Ils m'ont chauffé les intendants ce soir. Pour qui se prennent-ils pour me juger ? Je ne suis pas un putain de gosse qui vient de voler un bijou. Même si Séléné est ce qui s'apparente le plus à un joyau, elle n'est pas un objet que l'on conserve sous une cloche.

Bien sûr, ce soir j'ai bien remarqué à son air renfrogné que quelque chose n'allait pas. Elle était si enjouée dans le bar, et puis la seconde suivante elle s'est renfermée. Et je pense qu'Elisa n'est pas étrangère à ce changement soudain d'humeur. Est-ce que Séléné serait jalouse de cette femme ? Certes, elle est jolie à regarder, mais tout de même, elle ne surpasse pas la beauté lunaire de ma patiente. Elle en est loin.

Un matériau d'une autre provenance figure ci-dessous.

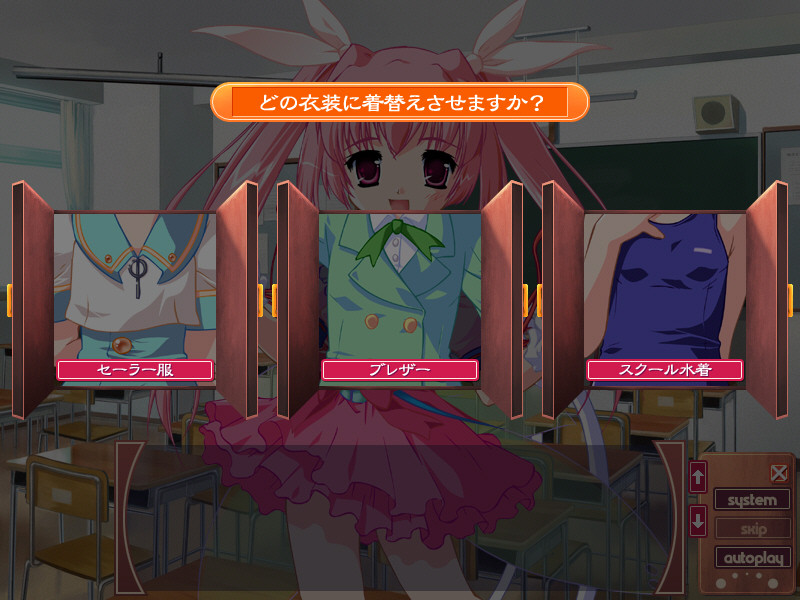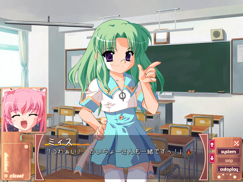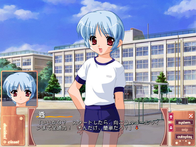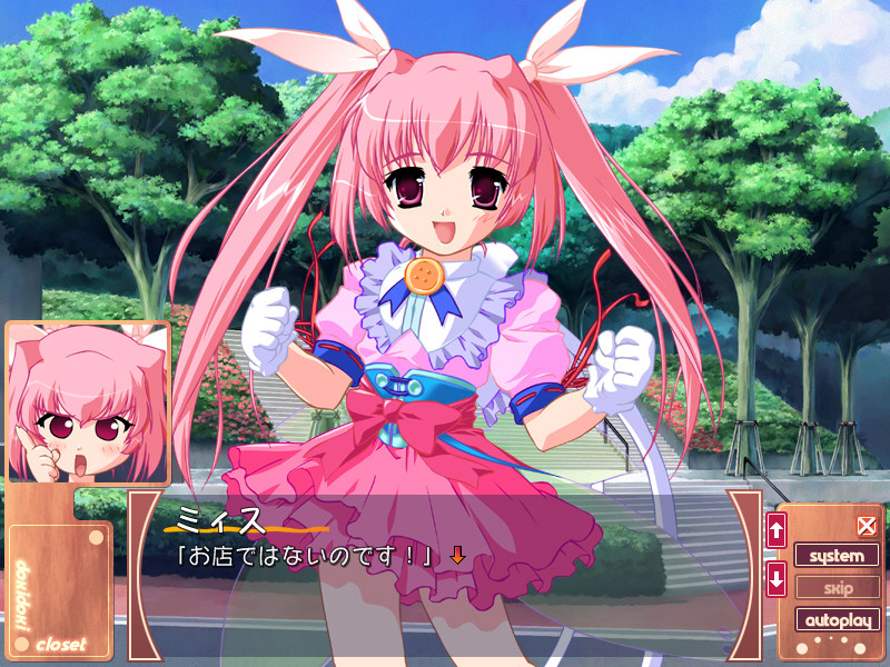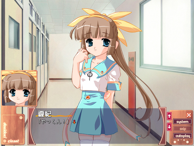 The tests are over, and summer vacations begin. Suddenly a girl falls from a closet before main character. She turns out to be from a spirit wold. Her intention is to help people with the power of changing clothes. vndbreview]

Ne prends pas ce chemin, Luke.

De toute façon, mes ardeurs ont tout de suite été calmées par la colère flagrante de Séléné sur la route du retour, puis par le couple qui nous attendait de pied ferme.

Je ne voulais pas que Séléné assiste à mon renvoi, alors pour une fois j'ai été dans le sens de Tania. Je me souviens parfaitement de la douleur dans ses yeux, après avoir acquiescé aux propos de l'intendante. Ce n'était pas mon intention, je ne souhaite pas lui infliger une telle souffrance ; se sentir manipulé à la guise de chacun est la pire des sensations.

Lorsque j'étais sous influence de la cocaïne, j'ai accepté beaucoup de choses, bien trop. Parfois, j'ai des flashs clairs qui me reviennent, d'autres ce ne sont que des bribes que ma mémoire essaye d'analyser.

Entre les vols à répétition, et la prostitution pour obtenir ma dose, je ne suis pas très friand de replonger dans ce genre de souvenirs, quand bien même sont-ils brumeux. Cette période sombre de mon existence est derrière moi et je tiens à ce qu'elle le reste.

À l'époque ma mère avait tout essayé pour me faire décrocher, même à me payer des séances de psy où je n'allais jamais. J'étais un fils ingrat.

Pendant qu'elle s'évertuait à me sauver, en sacrifiant le peu d'argent que nous avions, je passais mes journées complètement défoncé, à faire la fête, à sucer pour avoir ne serait-ce que quelques grammes de ma drogue. Et j'en ai vu des queues. Je n'avais aucun scrupule, j'ai d'ailleurs proposé à un pote de me sodomiser pour 200 dollars. J'ai perdu les quelques amis que j'avais en dehors de mon dealeur, et je me suis emprisonné dans un cercle fait de vice en tout genre. Finalement, le fric que je piquais à ma mère dans son portefeuille n'était rien à côté du reste.

Parfois, je me dis que le destin a voulu me punir pour mes erreurs et quelle meilleure manière que de s'attaquer à la seule femme importante de ma vie. Cela faisait longtemps que je n'avais pas ressassé tout ça : ma chute, sa mort.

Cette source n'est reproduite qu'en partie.